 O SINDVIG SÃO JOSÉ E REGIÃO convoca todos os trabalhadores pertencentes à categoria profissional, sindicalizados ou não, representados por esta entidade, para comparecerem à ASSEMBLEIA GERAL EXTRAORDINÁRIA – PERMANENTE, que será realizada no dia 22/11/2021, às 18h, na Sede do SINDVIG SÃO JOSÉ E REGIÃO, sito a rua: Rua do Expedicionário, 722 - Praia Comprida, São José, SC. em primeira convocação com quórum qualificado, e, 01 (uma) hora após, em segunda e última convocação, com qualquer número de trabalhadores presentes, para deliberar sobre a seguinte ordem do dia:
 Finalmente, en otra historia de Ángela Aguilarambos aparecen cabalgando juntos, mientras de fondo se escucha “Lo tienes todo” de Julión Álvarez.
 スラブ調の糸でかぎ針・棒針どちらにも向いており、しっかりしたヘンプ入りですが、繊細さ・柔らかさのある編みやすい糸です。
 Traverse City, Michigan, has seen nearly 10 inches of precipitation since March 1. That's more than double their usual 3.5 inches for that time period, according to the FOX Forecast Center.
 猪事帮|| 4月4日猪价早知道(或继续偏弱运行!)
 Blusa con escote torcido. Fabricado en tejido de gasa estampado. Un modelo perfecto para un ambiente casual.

■ ■ ■ ■ ■

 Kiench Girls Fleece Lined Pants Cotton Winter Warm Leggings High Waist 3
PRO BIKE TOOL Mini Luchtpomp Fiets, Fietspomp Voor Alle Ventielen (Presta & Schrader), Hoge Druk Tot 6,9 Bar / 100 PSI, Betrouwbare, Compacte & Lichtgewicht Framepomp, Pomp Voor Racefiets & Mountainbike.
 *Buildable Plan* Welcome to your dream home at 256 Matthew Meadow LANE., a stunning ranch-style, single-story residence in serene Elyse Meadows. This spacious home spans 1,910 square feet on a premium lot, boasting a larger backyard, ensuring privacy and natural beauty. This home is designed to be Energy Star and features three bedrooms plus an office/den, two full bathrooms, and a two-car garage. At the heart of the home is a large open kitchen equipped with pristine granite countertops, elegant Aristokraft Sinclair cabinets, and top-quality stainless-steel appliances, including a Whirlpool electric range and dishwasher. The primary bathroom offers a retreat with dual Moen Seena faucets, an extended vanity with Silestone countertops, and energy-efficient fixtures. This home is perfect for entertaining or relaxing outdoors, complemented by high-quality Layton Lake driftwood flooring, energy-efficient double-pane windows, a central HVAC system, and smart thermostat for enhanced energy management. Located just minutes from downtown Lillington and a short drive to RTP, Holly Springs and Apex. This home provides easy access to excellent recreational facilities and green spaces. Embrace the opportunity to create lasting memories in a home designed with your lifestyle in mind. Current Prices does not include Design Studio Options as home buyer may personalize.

■ ■ ■ ■ ■

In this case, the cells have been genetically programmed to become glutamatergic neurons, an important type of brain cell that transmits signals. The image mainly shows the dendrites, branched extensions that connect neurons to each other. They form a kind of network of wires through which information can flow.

■ ■ ■ ■ ■

What the task asks: Within the listing above, find every line containing the string "para" and return it.

Response to the task:
 O SINDVIG SÃO JOSÉ E REGIÃO convoca todos os trabalhadores pertencentes à categoria profissional, sindicalizados ou não, representados por esta entidade, para comparecerem à ASSEMBLEIA GERAL EXTRAORDINÁRIA – PERMANENTE, que será realizada no dia 22/11/2021, às 18h, na Sede do SINDVIG SÃO JOSÉ E REGIÃO, sito a rua: Rua do Expedicionário, 722 - Praia Comprida, São José, SC. em primeira convocação com quórum qualificado, e, 01 (uma) hora após, em segunda e última convocação, com qualquer número de trabalhadores presentes, para deliberar sobre a seguinte ordem do dia:
 Blusa con escote torcido. Fabricado en tejido de gasa estampado. Un modelo perfecto para un ambiente casual.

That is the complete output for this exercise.